Stress is something that every student, no matter their age, course, location or level of study, will experience. It’s also something that can have a multitude of triggers, whether it’s deadlines, time management issues, a lack of confidence or of course, results!

Sian Duffin, Student Support Manager at Arden University not only assists students with stress but after going back into education, is also learning to manage her own work-life balance.

She has given some top tips to keep those stress levels down: 

1. Write a list

It really helps to make a list of everything that is making you feel stressed and any tasks that are associated. Not only does it allow you to offload onto paper, but it also helps to see your tasks written down and makes it easier to break them down into manageable chunks. If you can, try and walk away from the list when it is written and come back to look at it with a clearer head. 

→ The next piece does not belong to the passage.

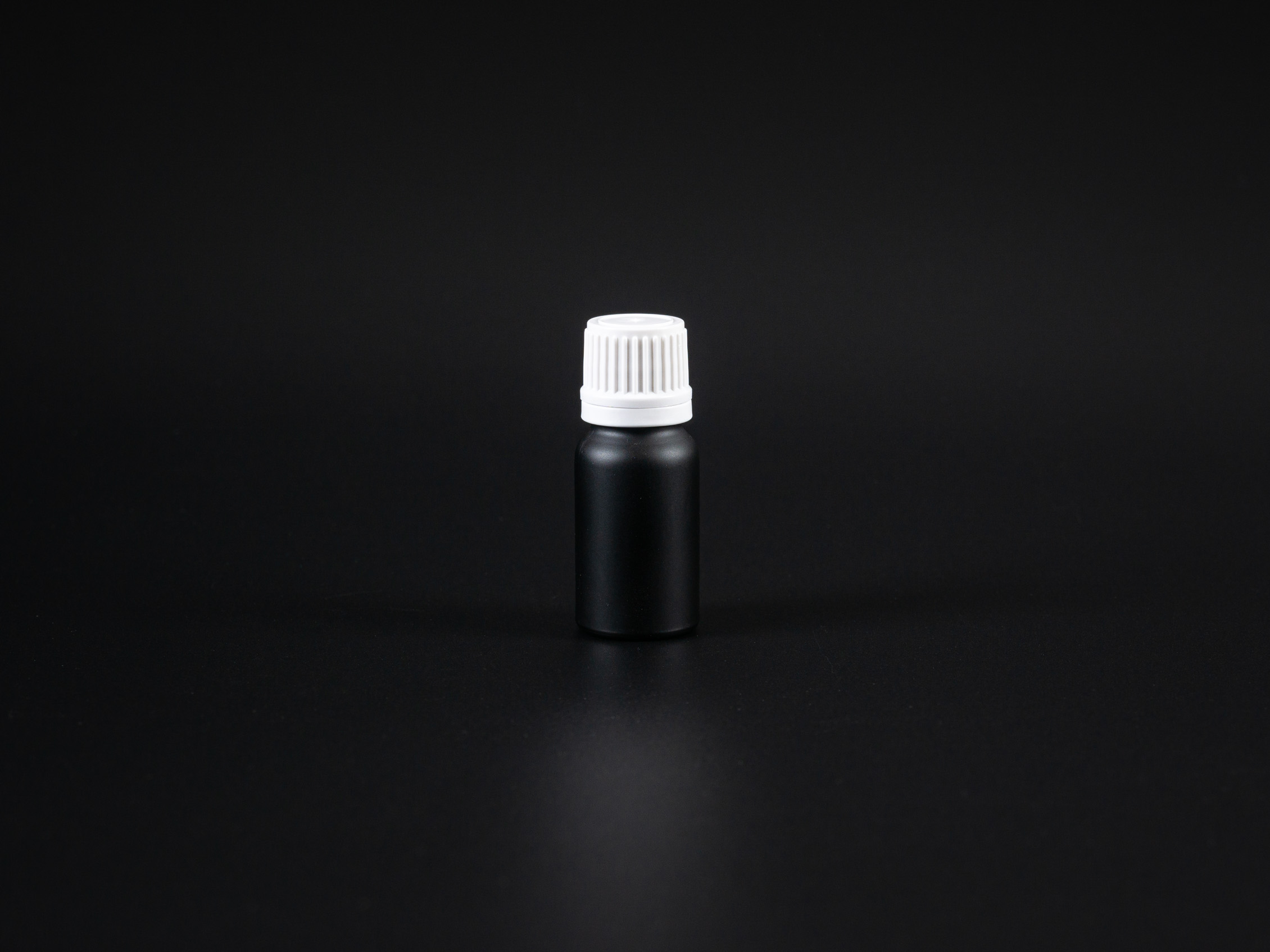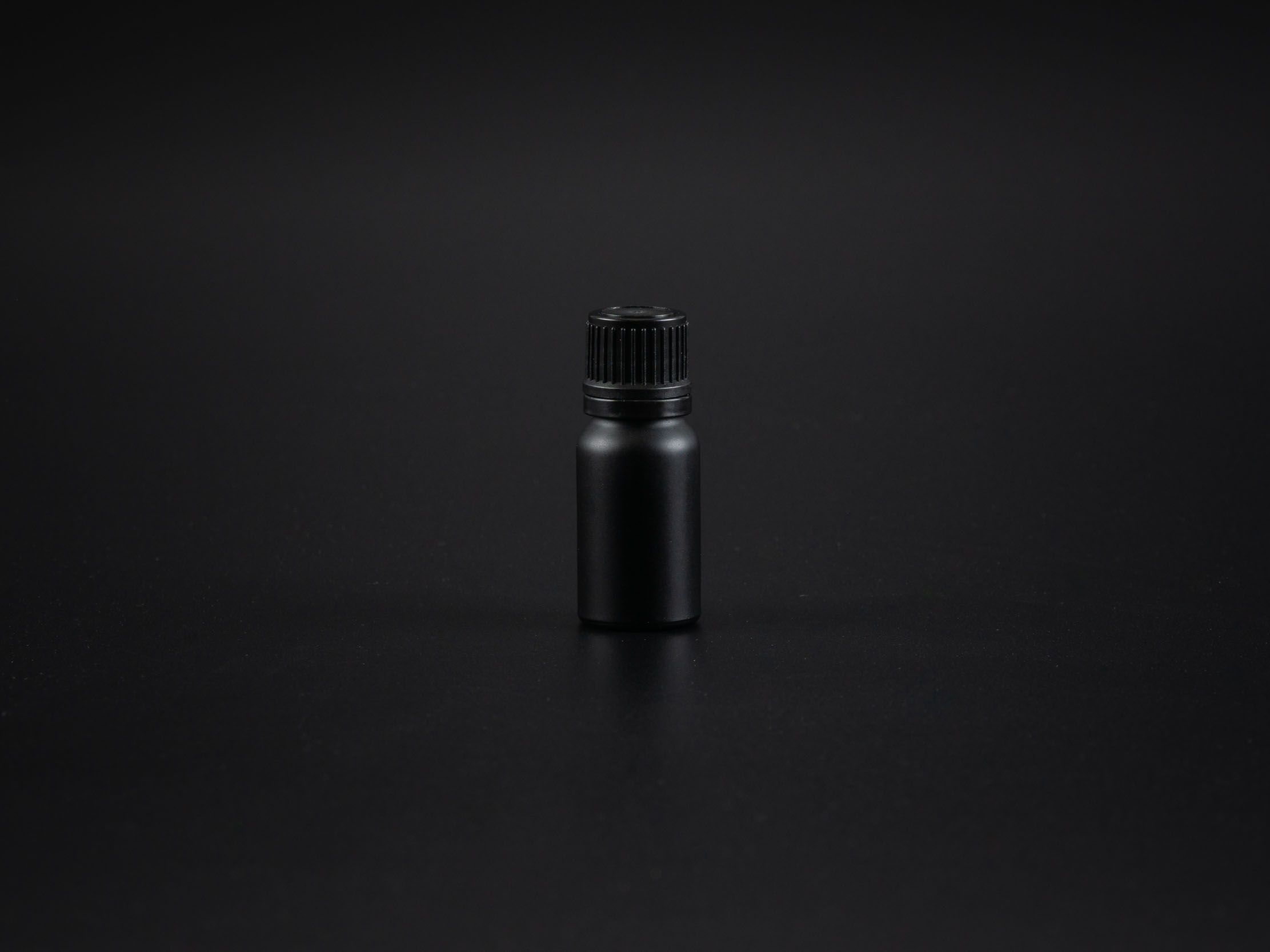 Tropfflasche aus mattiertem Schwarzglas mit Originalitätsring, 10ml
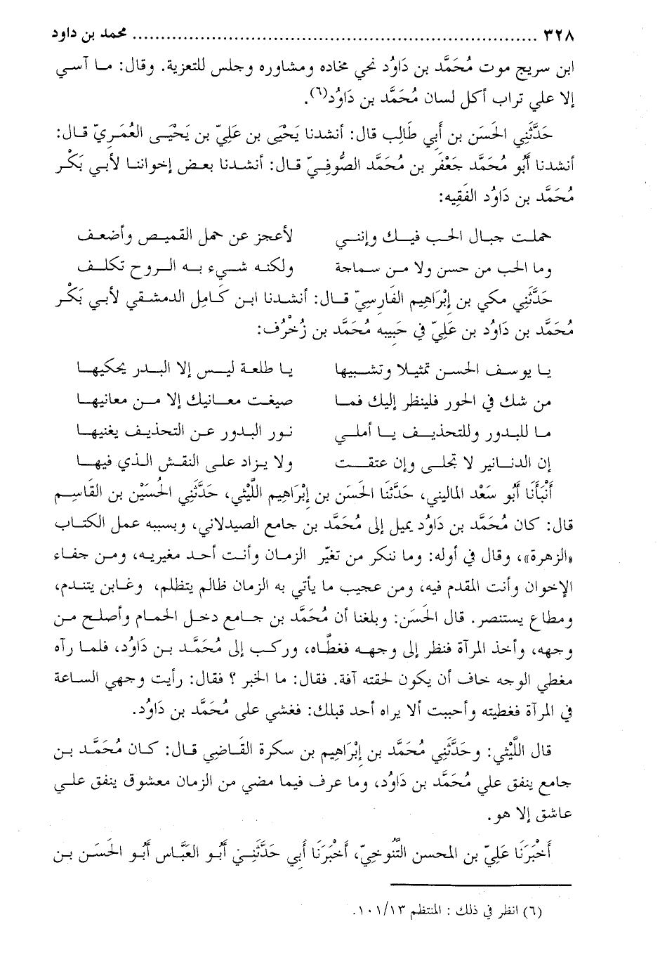 حَدَّثَنِي مكي بن إبراهيم الفارسي قَالَ: أنشدنا ابن كامل الدمشقي لأبي بكر محمد بن داود بن علي في حبيبه محمد بن زخرف:

2. Assess your working style 

A lot of the time it can feel like there aren’t enough hours in the day to get everything done but again, try and take a step back and look at how effectively you are using your time. Try and figure out when you are most productive and plan your study around that – is it in the morning or at night? Is it for longer periods of time or short bursts with more breaks? 

3. Use positive language 

When you’re stressed it’s so easy to be negative but try to alter your mindset a little. If you can start thinking positively about everything you have achieved so far, your studies going forward will seem much more achievable. A positive mental attitude will also help you feel calmer and alleviate some pressure!

4. Take a deep breath

If you’re feeling stressed it can lead to panic or loss of control. When students contact the support team at Arden with any concerns, we encourage them to try some breathing exercises which can be very effective. It’s worked for me in the past, sometimes fresh air can help too.

5. Build a support network

Isolation can really increase stress levels so having the right people to support you when you’re studying is so important, a problem shared is a problem halved! As many of our students study by distance learning, they’re able to call our Student Support team for a chat if they ever feel like they need someone to talk to. We also offer a 24-hour hotline for students that need it outside office hours, often by the time students have talked to someone about how they’re feeling, they feel much better.